The SD loader should work as long as whatever program it's trying to run works. It can load either xmm or xmmc programs. If you try running the xmm program that's been working directly with propeller-load then it should work.
Here is one reason why xmmc might not work:
A program compiled using -mxmmc will have code that lives at 0x30000000. A program that is compiled in -mxmm-single mode will have code and data that live at 0x20000000. In order for an xmmc program to work, your cache driver must make the external memory visible at the 0x30000000 address. Most cache drivers don't decode the high order bits anyway so there are images of the memory repeated starting at 0x20000000 and repeating throughout the rest of memory. If you're decoding those high order bits then that might be why your xmmc program isn't working. Also, you might want to mask off those bits anyway since I believe your memory has many fewer address bits. Could those high bits be causing you trouble?

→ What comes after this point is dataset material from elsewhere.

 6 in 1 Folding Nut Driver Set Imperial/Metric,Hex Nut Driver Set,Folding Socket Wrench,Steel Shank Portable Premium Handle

That very well could be it!
Now let me say I do understand what you're saying, for the most part. To make sure I DO understand:
Mask of the high bits of the EXTERNAL address. eg:
mov address, vmaddr
and address,maskhighadd
..
..
maskhighadd long%00000000_00000111_11111111_11111111'access to full memory space
So copy vmaddr and then mask off the address bits my memory doesn't have? Now am I able to mask off even more bits to "reserve" memory for the rest of the system? Say :
maskhighadd long %00000000_00000000_01111111_11111111 'access to 32k partition of memory?

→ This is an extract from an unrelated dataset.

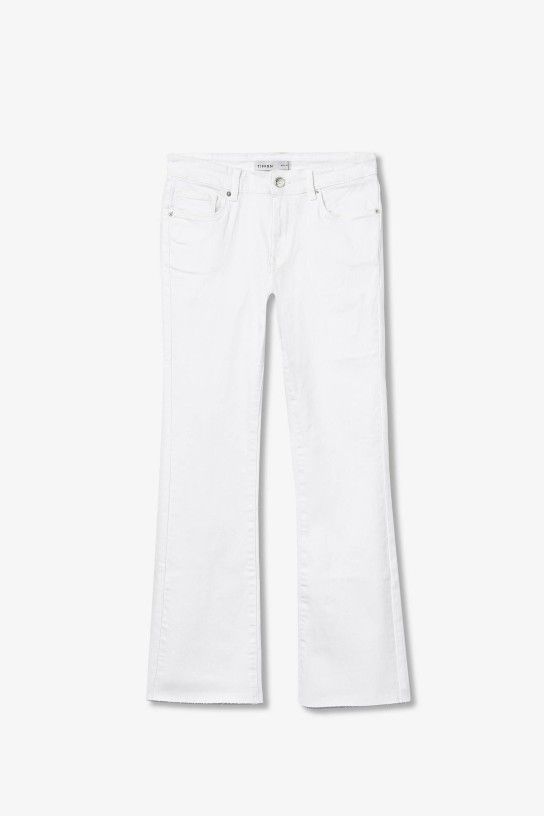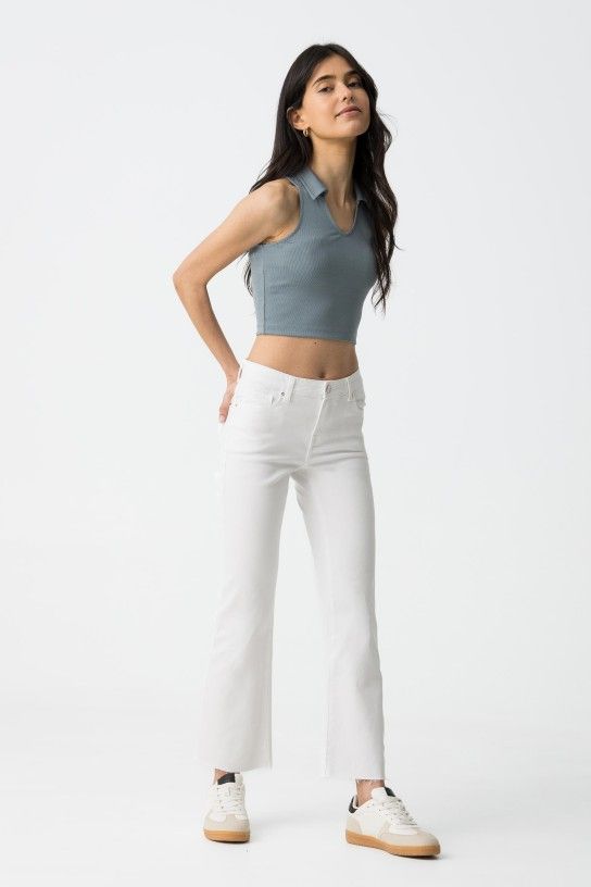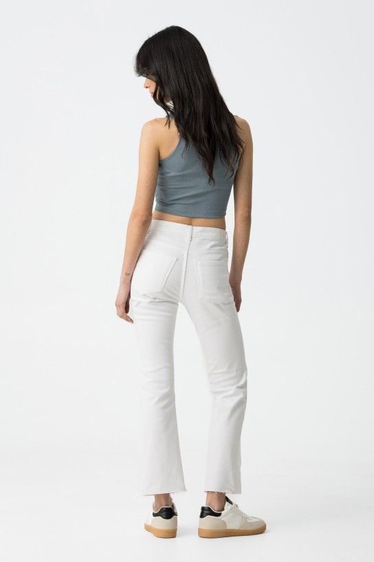 Jeans curtos à boca de sino de cintura média com cinco bolsos. Fecho frontal com fecho zip e botão metálico. Bainha desfiada.

Kidding of course. Did have to find my own HC00 chip though.
Word wide memory needs a small adjustment: A1 should map to A0 on the chips. Add line 205.
and outa,maskP0P18low ' pins 0-18 set low
shr vmaddr, #1 ' schematic connects SRAM A0 to A0, not A1 - jsd. line 205or outa,vmaddr ' output addres to 161 chips
Preliminary results before optimizations - SSF listed for comparison:
Below are results with fast read and other optimizations. Faster writes will take more work because of the write strobe requirement. Performance for this test and applications could be different with various cache line sizes. Currently the cache line size is 128 bytes and the whole read burst happens in 16us - 8MB/s line read.

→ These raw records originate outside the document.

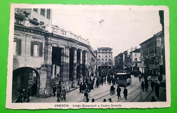 Cartolina - Brescia - Largo Zanardelli e Teatro Grande - 1930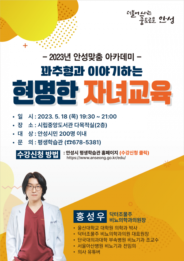 [금요저널] 안성시는 오는 5월 18일 저녁 7시 30분 시립중앙도서관 다목적실에서 안성맞춤아카데미 3회차 강연으로 꽈추형으로 잘 알려진 홍성우 조물주비뇨의학과원장을 초청해 ‘꽈추형과 이야기하는 현명한 자녀 성교육’이라는 주제로 강연을 펼칠 예정이다.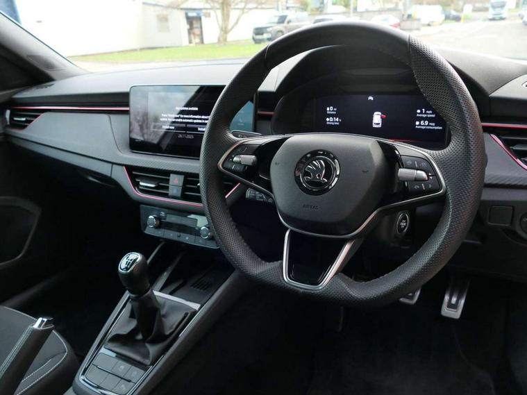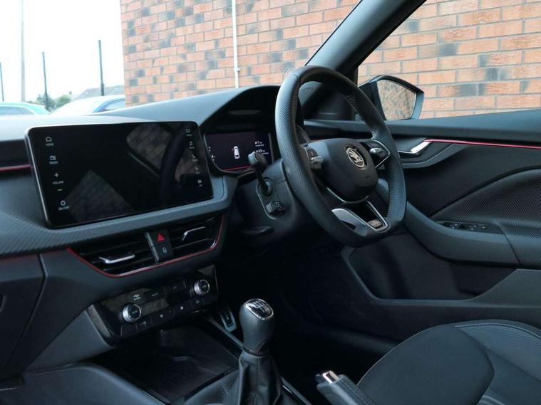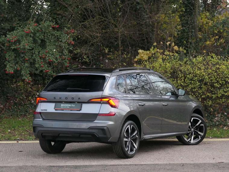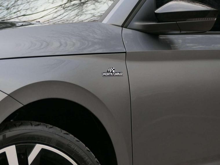 Advanced driver attention and drowsiness monitor, Bluetooth system, E-call, Front assist system, PAS, Rear parking sensors, Service indicator, Speed limiter, Traffic sign recognition, Virtual cockpit with 10.25" display, Voice control system, Wireless smartlink, 4 USB C ports, 8 speakers, 9.2" Skoda navigation display, DAB Digital radio, Auto dimming rear view mirror, Automatic headlight control with coming home and leaving home feature, Automatic headlights, Black door mirrors, Black radiator grille, Black rear diffuser, Black roof spoiler, Body colour bumpers, Body colour door handles, Boot lettering in black, Extended tailgate glass, Front and rear electric windows, Heated rear window, LED daytime running lights, LED high beam, LED low beam, LED third brake light, Monte carlo plaque, Panoramic sunroof with black roof rails, Privacy glass, Rear side wing doors, Rear wiper, Ticket holder inside windscreen, 12V socket in luggage compartment, 3 seat bench in 2nd row, Aluminium pedals, Ambient lighting in white/red, Art leather carbon decor inserts, Art leather carbon door inserts, Black roof lining, Cargo elements, Chrome inner door handles, Driver and passenger sun visors with vanity mirror, Dual zone climate control, Front and rear roof lights, Front centre armrest, Front head restraints, Glove compartment with illumination, Height adjustable driver seat, Height adjustable front passenger seat, Ice scraper, Inner circulation control with pollen filter, ISOFIX on front passenger seat, Isofix preparation for back seats, Leather gearknob and handbrake lever, Manual lumbar support for front seats, Monte Carlo cloth upholstery, Net package and top tether hooks in boot space, Net under rear shelf, Pocket on the back of both front seats include mobile phone pockets, Rake/reach adjustable steering wheel, Reading lights, Rear centre armrests, Red hotstamping, Single front passenger seat, Sports seats, Textile floor mats, Third rear headrest, Top tether for front passenger seat, Umbrella in driver's door, Light and view plus package - Kamiq, 3x3 point rear seatbelts, Airbags - driver and front passenger, Disc brakes, ESP, Extended and predictive pedestrian/cyclist protection, Front passenger airbag deactivation switch, Front side airbags with curtain airbags, Hill hold control, Manual leather parking brake, Manual rear child locks, One tone horn, Seatbelt reminder for driver an co-driver, Traction control, Tyre pressure monitor, Anti-theft alarm system with interior monitoring, backup horn, towing protection and remote central locking with SAFE system, Anti-theft wheel bolts, Electronic engine immobilizer, 18" Ursa black diamond cut alloy wheels,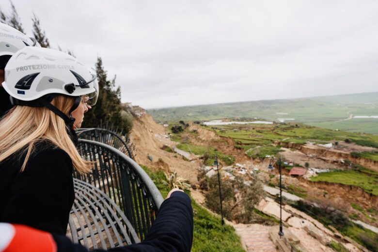 Meloni torna a Niscemi dopo il ciclone Harry: 150 milioni, commissario straordinario e decreto immediato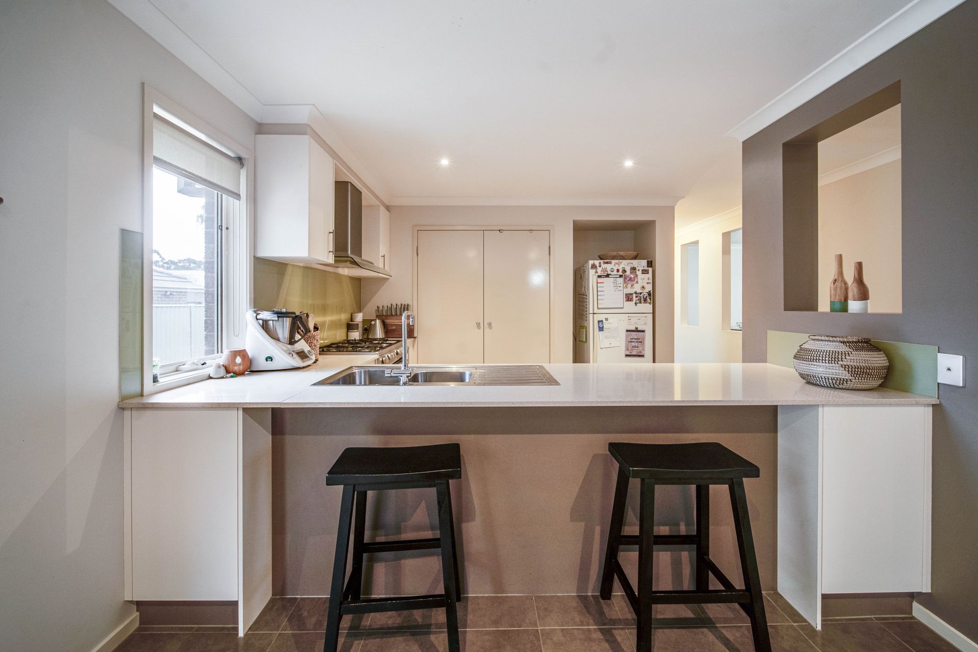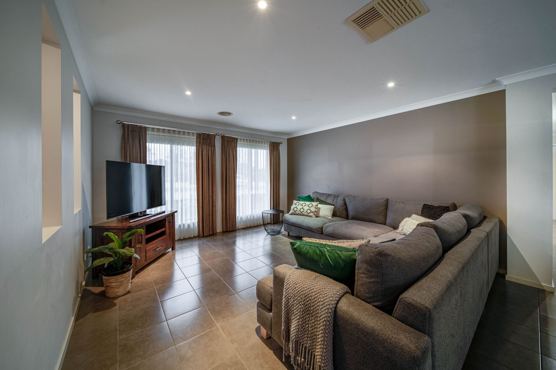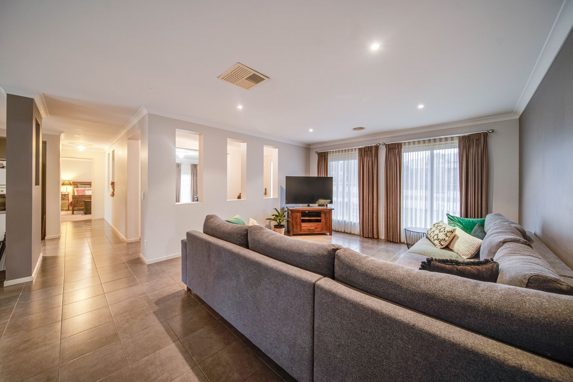 An open plan kitchen, dining and living area is located in the centre of the home. To the right wing of the property, an additional living area and study are situated. The luxurious master suite features a spacious walk in robe and ensuite, perfectly positioned away from the rest of the house. To the left wing, 2 more bedrooms, a bathroom, separate toilet, laundry and double car garage.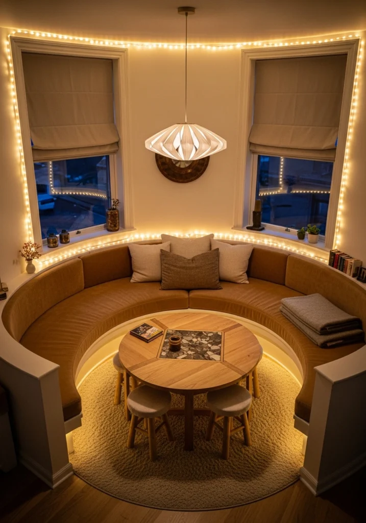 Soft perimeter string lighting and a single sculptural pendant create ambient glow without harsh overhead fixtures. Tall narrow windows with roman shades control light, and layered cushions with folded wool throws make the space inviting. This conversation pit approach works when you want gatherings to feel close and connected.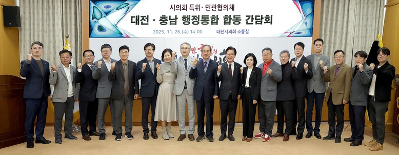 - 시민 공감대 확산과 국회 심사 대응 총력- [세계타임즈=대전 이채봉 기자] 대전충남 행정통합 민관협의체(공동위원장 이창기)는 26일 대전시의회 소통실에서 대전광역시의회 대전충남 행정통합 특별위원회(위원장 이재경)과 합동 간담회를 열었다.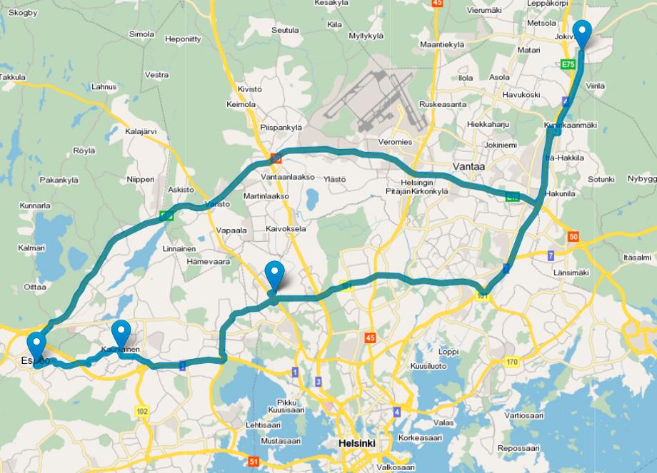 Helsinki (Ruosilankuja 4) - Vantaa - Espoo - Kauniainen

Preliminary results before optimizations - SSF listed for comparison:
This is very exciting! So, I DL touch_cache and built the dat with "bstc -Ograux -c touch_cache.spin" GOOD.
Then, I ran dry xmm-single and the numbers check out. 754 DhryPerSec. GOOD.
C:\Users\Joe\Downloads\dry>propeller-load -r -t -b touch161 dry_xmm_single.elf
Propeller Version 1 on COM21
Loading the serial helper to hub memory
9528 bytes sent
Verifying RAM ... OK
Loading cache driver 'new_cache.dat'1084 bytes sent
Loading program image to RAM
17408 bytes sent
Loading .xmmkernel
1724 bytes sent
[ Entering terminal mode. Type ESC or Control-C to exit. ]
Dhrystone Benchmark, Version C, Version 2.2
Program compiled without 'register' attribute
Using STDC clock(), HZ=80000000
Trying 5000 runs through Dhrystone:
Final values of the variables used in the benchmark:
Int_Glob: 5
should be: 5
Bool_Glob: 1
should be: 1
Ch_1_Glob: A
should be: A
Ch_2_Glob: B
should be: B
Arr_1_Glob[8]: 7
should be: 7
Arr_2_Glob[8][7]: 5010
should be: Number_Of_Runs + 10
Ptr_Glob->
Ptr_Comp: 536899232
should be: (implementation-dependent)
Discr: 0
should be: 0
Enum_Comp: 2
should be: 2
Int_Comp: 17
should be: 17
Str_Comp: DHRYSTONE PROGRAM, SOME STRING
should be: DHRYSTONE PROGRAM, SOME STRING
Next_Ptr_Glob->
Ptr_Comp: 536899232
should be: (implementation-dependent), same as above
Discr: 0
should be: 0
Enum_Comp: 1
should be: 1
Int_Comp: 18
should be: 18
Str_Comp: DHRYSTONE PROGRAM, SOME STRING
should be: DHRYSTONE PROGRAM, SOME STRING
Int_1_Loc: 5
should be: 5
Int_2_Loc: 13
should be: 13
Int_3_Loc: 7
should be: 7
Enum_Loc: 1
should be: 1
Str_1_Loc: DHRYSTONE PROGRAM, 1'ST STRING
should be: DHRYSTONE PROGRAM, 1'ST STRING
Str_2_Loc: DHRYSTONE PROGRAM, 2'ND STRING
should be: DHRYSTONE PROGRAM, 2'ND STRING
Microseconds for one run through Dhrystone: 1324
Dhrystones per Second: 754
Then I try the xmmC and I still get nothing? Fail
C:\Users\Joe\Downloads\dry>propeller-load -r -t -b touch161 dry_xmmc.elf
Propeller Version 1 on COM21
Loading the serial helper to hub memory
9528 bytes sent
Verifying RAM ... OK
Loading cache driver 'new_cache.dat'1084 bytes sent
Loading program image to flash
15412 bytes sent
Loading .xmmkernel
1724 bytes sent
[ Entering terminal mode. Type ESC or Control-C to exit. ]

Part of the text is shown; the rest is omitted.